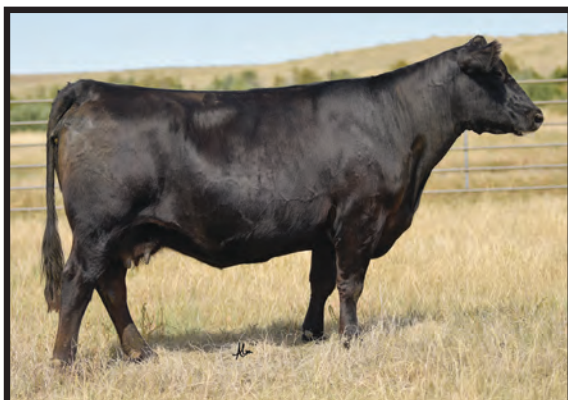
Bear Mtn Enchantress 2322 Sire of Lot 47
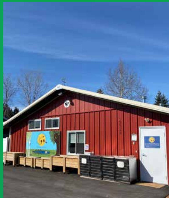
DCHS's Wildlife Center

Dane County Humane Society (DCHS)'s Wildlife Center was founded in 2002 and has grown to be the third-largest wildlife rehabilitation center in Wisconsin . Our mission is to promote the health and welfare of wildlife through rehabilitation, professional training, and public education. The Wildlife Center is coordinated by six full-time licensed staff, one part-time veterinary technician, one annual apprentice, and approximately 20 interns. With help from over 150 volunteers, our team works together to help the thousands of sick, injured, or orphaned wild animals admitted to the Wildlife Center each year. We're entering our 20th year in operation and are excited to celebrate this milestone with our supporters!
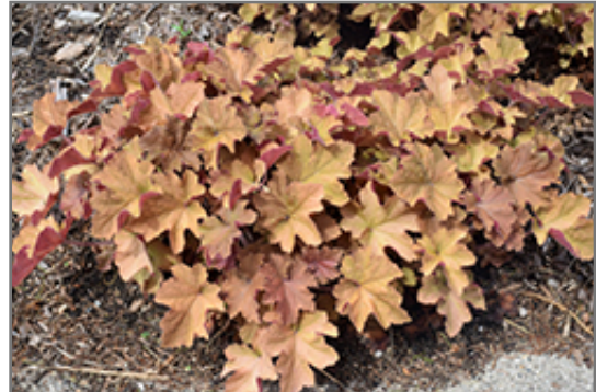
Caramel Coral Bells

Caramel Coral Bells is a fine choice for the garden, but it is also a good selection for planting in outdoor pots and containers. It is often used as a 'filler' in the 'spiller-thriller-filler' container combination, providing a mass of flowers and foliage against which the larger thriller plants stand out. Note that when growing plants in outdoor containers and baskets, they may require more frequent waterings than they would in the yard or garden.
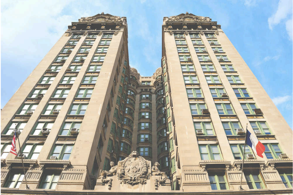
The Emigrant in all its glory

The 14-story tower will forgo the offices it previously held, only to reserve the ground level for retail, and the newly-added condo interiors, designed by Gabellini Sheppard . Residences will have modern fishings which, while minimalistic, showcase the designer's aesthetic of functional luxury and complement the building's impeccable craftsmanship. The lobby, like the exterior, will maintain the building's moniker Beaux-Arts style while the interiors will receive a sophisticated yet contemporary upgrade.
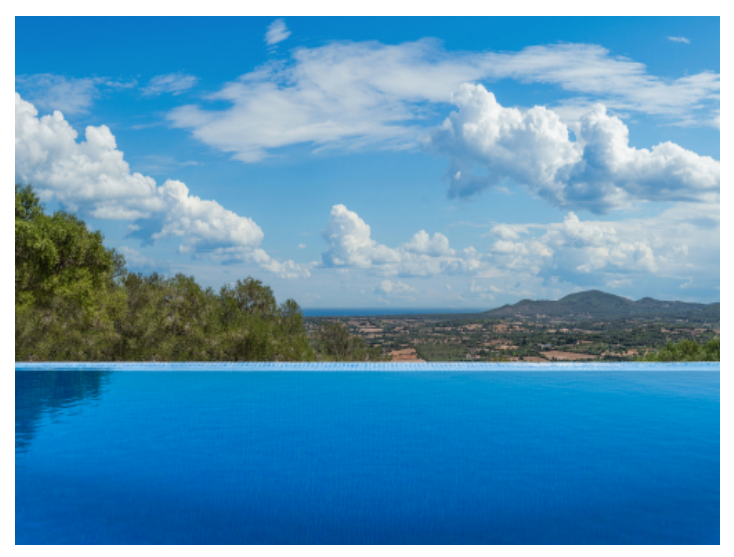
Infinitypool with stunning views
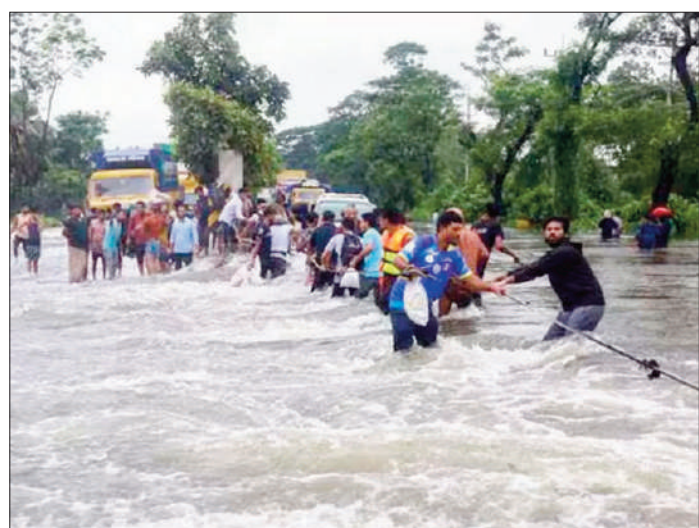
Saha also expressed gratitude to Madhya Pradesh CM Mohan Yadav and UP CM Yogi Adityanath for extending financial support to the state.

He said the state government will present a "true picture of devastation" caused by the floods when the central team arrives.
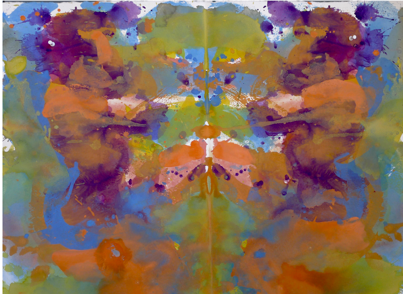
GERRY GENDER #9 2012 GOUACHE ON PAPER 22 1/2 X 29 1/2 IN. (57 X 75 CM)
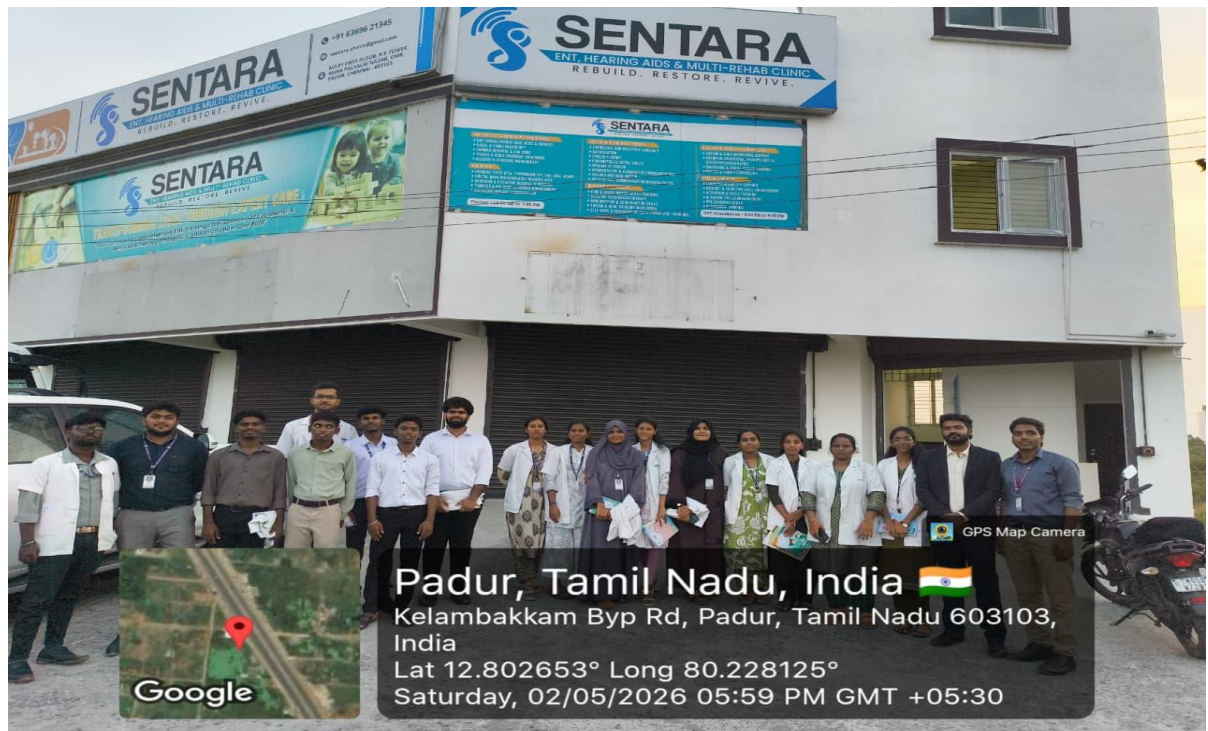
Padur, Tamil Nadu, India 🇮🇳 Kelambakkam Byp Rd, Padur, Tamil Nadu 603103, India Lat 12.802653° Long 80.228125° Saturday, 02/05/2026 05:59 PM GMT +05:30
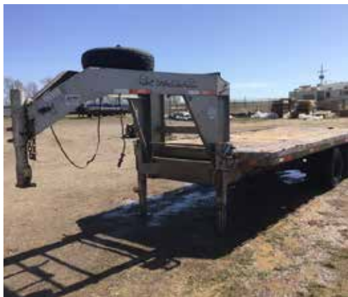
2007 Gooseneck Mfg GN Flatbed Trailer
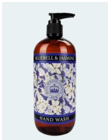
KGL0007 Bluebell & Jasmine
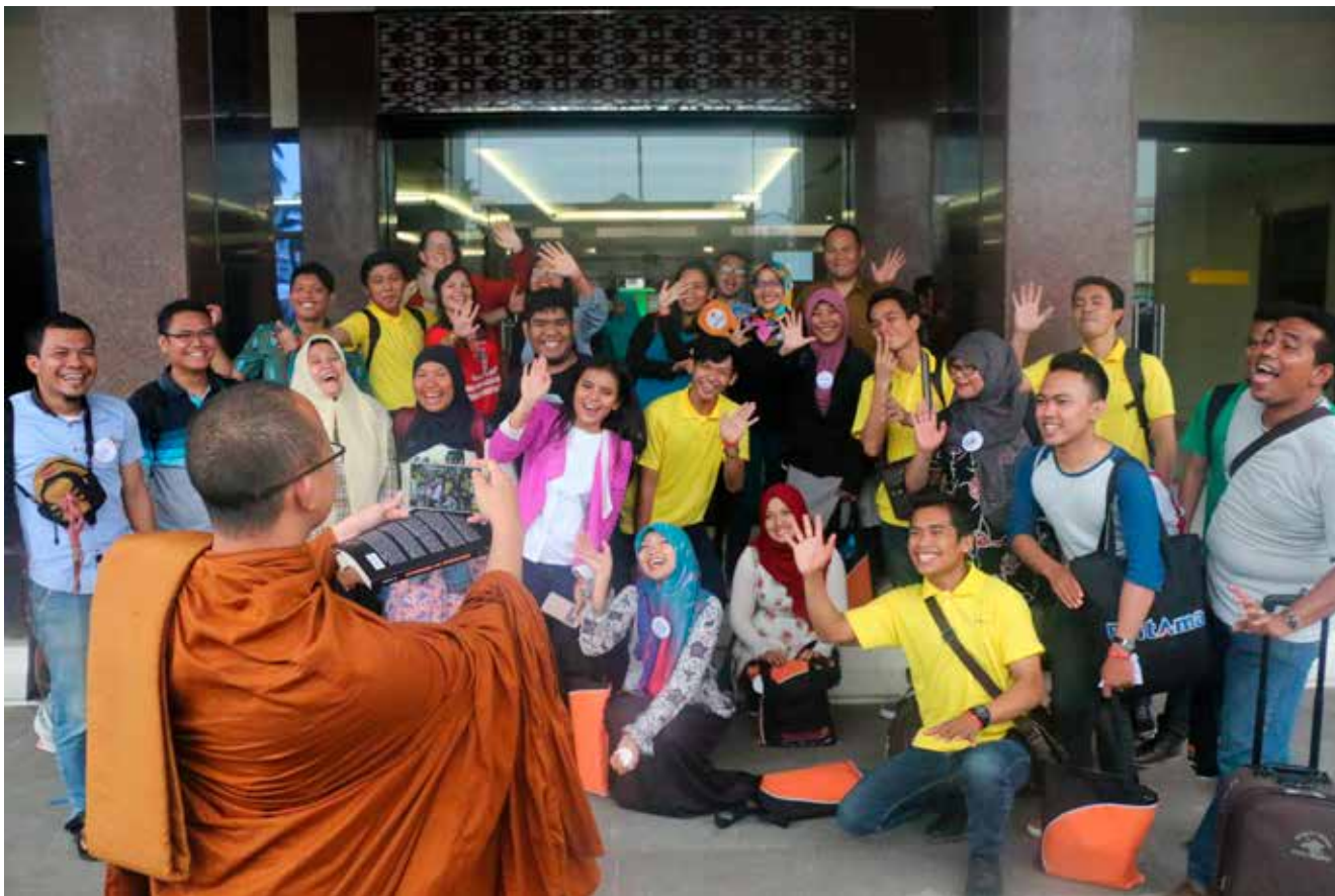
Participants in an LWF-supported interfaith project targeting youth in Indonesia.

their local and national governments in the push for climate policies and actions. In addition, advocacy dialogues, education, and awareness campaigns will target youth and learning institutions. The LWF will take part in collaborative advocacy campaigns and mobilization with other churches, faith-based organizations, and civil society. Climate justice advocacy will be implemented by LWF World Service country programs, especially when it relates to humanitarian operations and livelihood programs.

YOUR ASSIGNMENT: Exactly as written, please give again the lines from the beginning of the listing through the line containing "DCHS's Wildlife Center", inclusive, without any pictures.

RESPONSE BELOW:
Bear Mtn Enchantress 2322 Sire of Lot 47
DCHS's Wildlife Center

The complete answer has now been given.